Hualien Stone Sculpture Museum

Maria Rucker

Maria Rucker
Germany / Female

Maria Rucker

Maria Rucker

CV
Like a river changing the vagaries of its course, Maria Rucker's work has been carving a new channel during her tenure in Roswell. Long a stone sculptor, in the past her forms tended toward the highly geometric - whether recognizable or not. Yet her new work embraces a newfound set of biological concerns. Gone are the cold hard lines insisting on basic geometry. In their stead have come nuanced traces of animal forms recognizable as distinct species.
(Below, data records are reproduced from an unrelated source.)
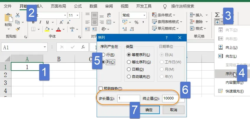 在A1单元格输入数字1,然后依次单击【开始】,【填充】,在下拉列表中选择【系列】,在【序列】对话框中,终止值输入10000,单击【确定】,就可以生成1至10000的连续序号。
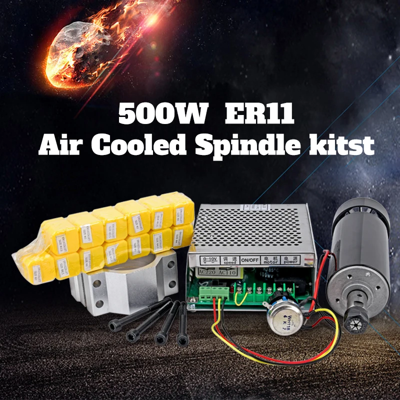 Мотор шпинделя с ЧПУ, 500 кВт, патрон ER11 с воздушным охлаждением, Вт + 52 мм зажим + регулятор скорости питания для гравировки печатных плат
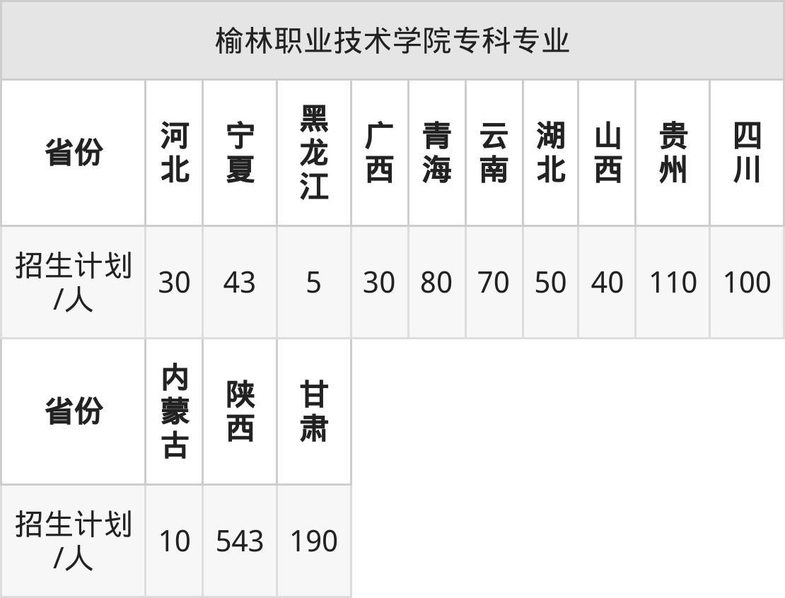 榆林职业技术学院面向湖北(50人)、河北(30人)、山西(40人)、四川(100人)、内蒙古(10人)、陕西(543人)、青海(80人)等13个地区开展专科招生。招生批次为专科批。

She finds the stone herself, often picking up local material discarded or unnoticed by others. Culling the offal of highway construction, or seizing the rock in the middle of a field, she finds in the wake of human presence beautiful chunks of alabaster, limestone and lava. From them she carves and polishes a hidden reality, and reveals the underlying structure of distinct creatures coming forth from the stone. It is as if these creatures have been liberated
from their matrix, and revealed to the world as a fresh manifestation of some-
thing we already sense.

These are glipses, not whole beasts; parts hinting at a greater whole. Teeth. Claws. Tusks. Beaks. Hooves. Paws. Noses. From these one can make out the recognizable forms of a menagerie of llamas, cows, dogs, horses, bats, humans. They are reminiscent of a fossil record, where the attributes of the beast lend a mysterious identity that melds stone, the hand of the artist, and the collective patterns of our primal brain into an aesthetic whole.
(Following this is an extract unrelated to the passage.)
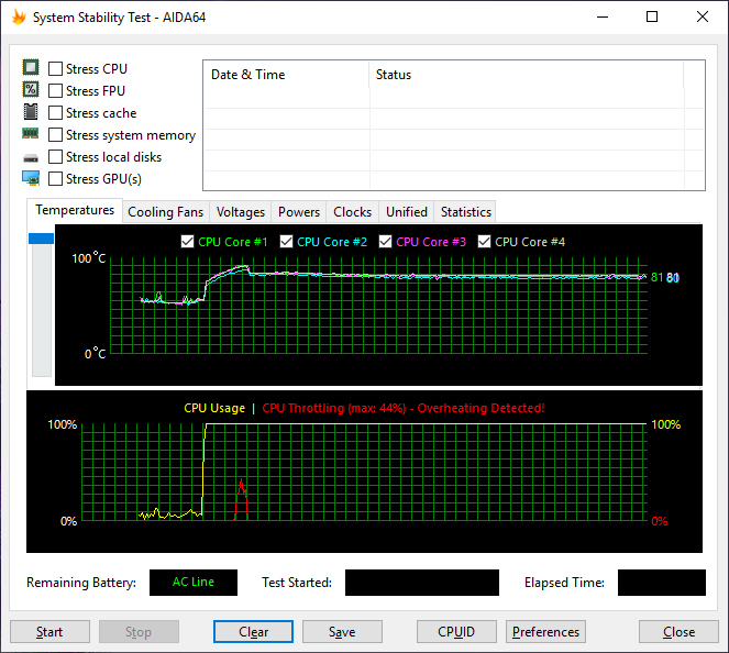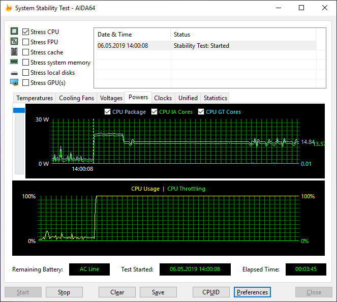 Как мы уже отмечали, ноутбук Honor MagicBook Intel (VLT-W50) оснащен четырехъядерным процессором Intel Core i5-8250U. Чтобы оценить эффективность охлаждения процессора, мы провели анализ работы в различных режимах нагрузки. Для загрузки процессора использовались утилиты AIDA64 и Prime95 (тест Small FFT), а мониторинг осуществлялся с помощью утилит AIDA64 и CPU-Z.

Rucker's works are beautiful, polished stone sculptures; living within a long-standing tradition of the western world as old as the notion of ""art"" itself. Carefully crafted and refined, her work exhibits a well developed sense of material that displays her love of stone for its durability. Her new sculptures are strong pieces; at once compelling and yet somehow comforting to look at. Seemingly they call back into the deep recesses of our brains, searching for ancient roots beyond our modern identities.